The pension bill, unveiled by Governor Jerry Brown on Tuesday after months of talks with fellow Democrats, would modestly raise retirement ages and reduce benefits for new employees. It also eliminates some abusive practices that have led to exorbitant pensions for a relative handful of workers.
The state Senate is expected to pass the legislation later on Friday, and Brown is eager to sign it.
California's public pension plans are underfunded by hundreds of billions of dollars, although the depth of the problem is a matter of heated debate. The California Public Employees Retirement System (Calpers), the state's main pension plan and the largest of its kind in the country, said the new legislation will save $42 billion to $55 billion over 30 years.
The ability of a state government controlled by Democrats to defuse an issue that Republicans have seized on in Wisconsin and other states could have national implications for the widespread crisis in state and local finance.
The California Assembly approved the bill by a 48-8 vote. Unions cried foul, though critics argued that the protestations were really a show to help convince the public that the reforms were real.
Brown has repeatedly said that pension reform will show Sacramento's commitment to check spending, which in turn will help sell voters on his November ballot initiative to raise the state's sales tax and boost income taxes on wealthy Californians.
The tax measure has long been central to Brown's plans to restore the state's fiscal health. The measure would prevent further spending cuts in a state where the budget has already been slashed dramatically in recent years, and thus is strongly supported by teachers' unions and other state workers.
Brown originally proposed bigger changes in a 12-point pension plan.
"The governor offered us a car," said Republican Assembly member Chris Norby, who supported the original plan. "This is more like a tricycle. It's never going to get us there."
Jim Beall Jr., an Assembly Democrat, responded: "This is not something we're going to do overnight. We're going to have to work on this over the next several years."
Service Employees International Union government relations official Terry Brennand said the new law amounted to a sea change in benefits. "They are potentially subjecting a generation of workers to retiring into poverty, or working until they die," he said.

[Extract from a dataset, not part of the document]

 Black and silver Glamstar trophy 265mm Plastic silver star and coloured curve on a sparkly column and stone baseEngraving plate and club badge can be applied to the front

Calpers, which oversees pensions both for state workers and for many cities and counties, pegged the present value of the savings from the new law at $10 billion.
Stanford University public policy expert Joe Nation, who has calculated Calpers long-term unfunded liability at close to half a trillion dollars, said Brown's plan did little to solve the problem.

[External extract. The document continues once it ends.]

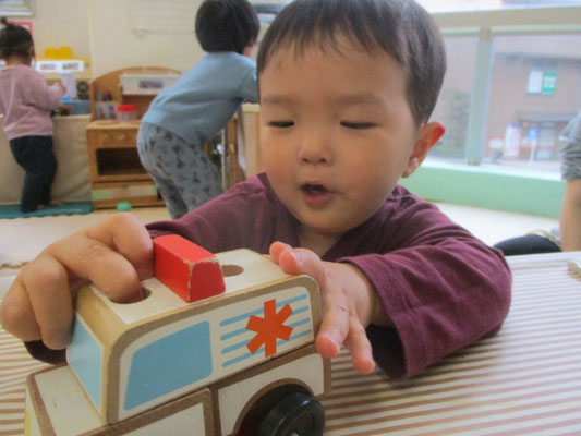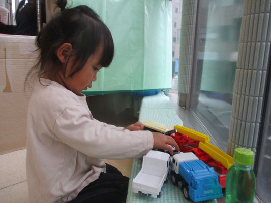 赤色を取って「しょうぼうしゃの色だね!」などとお話しながら、集中して取り組んでいました。また、青色でトントンと叩く様に塗りながら「あめだ~!」とお話してくれた子が!みんなも真似っこして、トントンと雨を描いていました^^
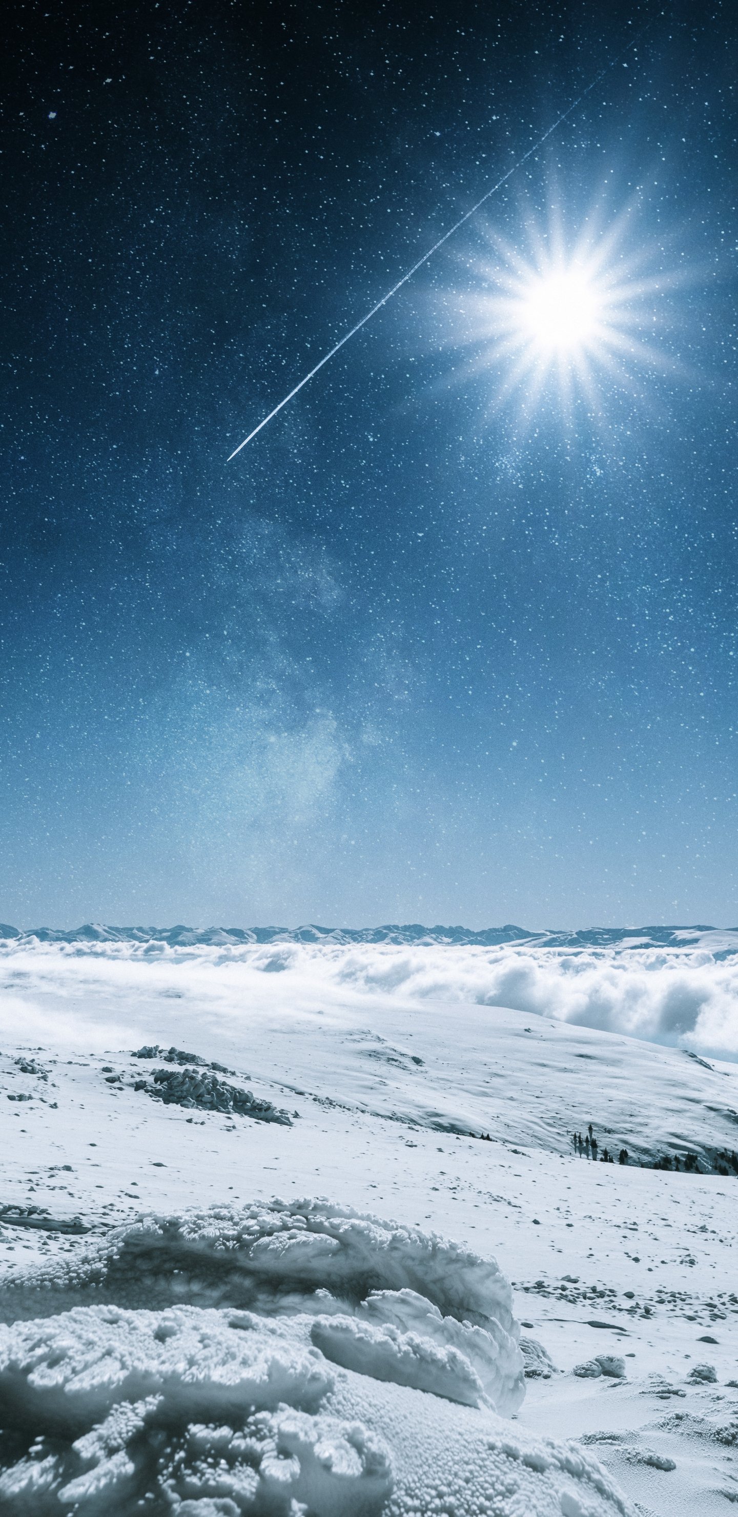 Обои: снег, солнце, звезды, зима - 1440x2960

"It's better than moving backwards but this barely moves the ball forward," said Nation, a former Democratic member of the state Assembly.

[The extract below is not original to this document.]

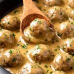 These tender and flavorful chicken meatballs are baked to perfection and served with a rich, creamy gravy sauce. Made with a blend of ground chicken and pork, Parmesan, and Italian seasonings, they are perfect for a comforting dinner served alongside mashed potatoes and roasted green beans.
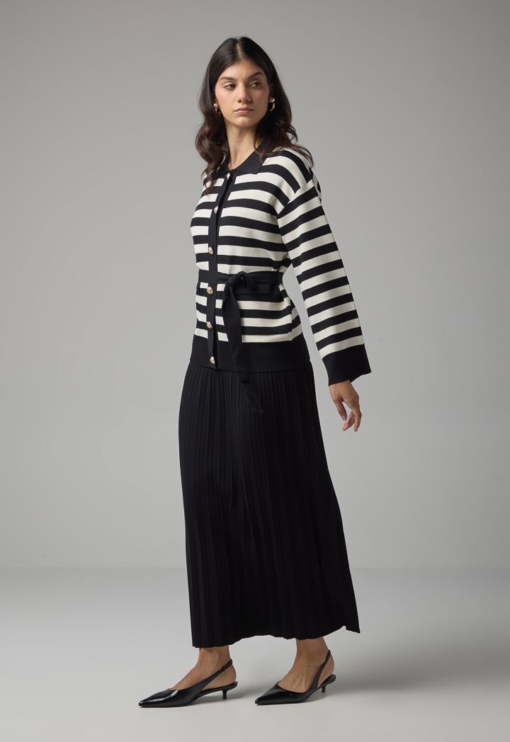 Design: Two-tone, Knitted, Belted, Front Flap Pockets, Ribbed Hem, Striped

Respected columnist Dan Walters wrote in the Sacramento Bee that union umbrage was a political ruse to raise taxes. "Their harsh criticism of the plan will be used by the tax campaign to make Brown and other Democratic politicians look like they're being tough and courageous on pensions," he said.
The plan raises the minimum retirement age for most new state employees to 52 from 50. Safety workers, mainly police officers and firefighters, will in most cases still be able to retire as early as 50. It also puts a cap on how high pensions can go, tames practices such as pension "spiking" that lead to higher payouts, and requires new public-sector workers to split payments to their pension accounts at least evenly with employers.
Current employees would also be responsible for half their contributions. Savings to the state from its employees paying more toward their pensions will be used to reduce its unfunded pension liability.
Brown abandoned his proposal for "hybrid" pensions combining features of traditional pensions and 401(k)-style retirement accounts.
Public response to the legislation is not clear. Brown's tax initiative is winning in current polls, but typically support slips as election day nears.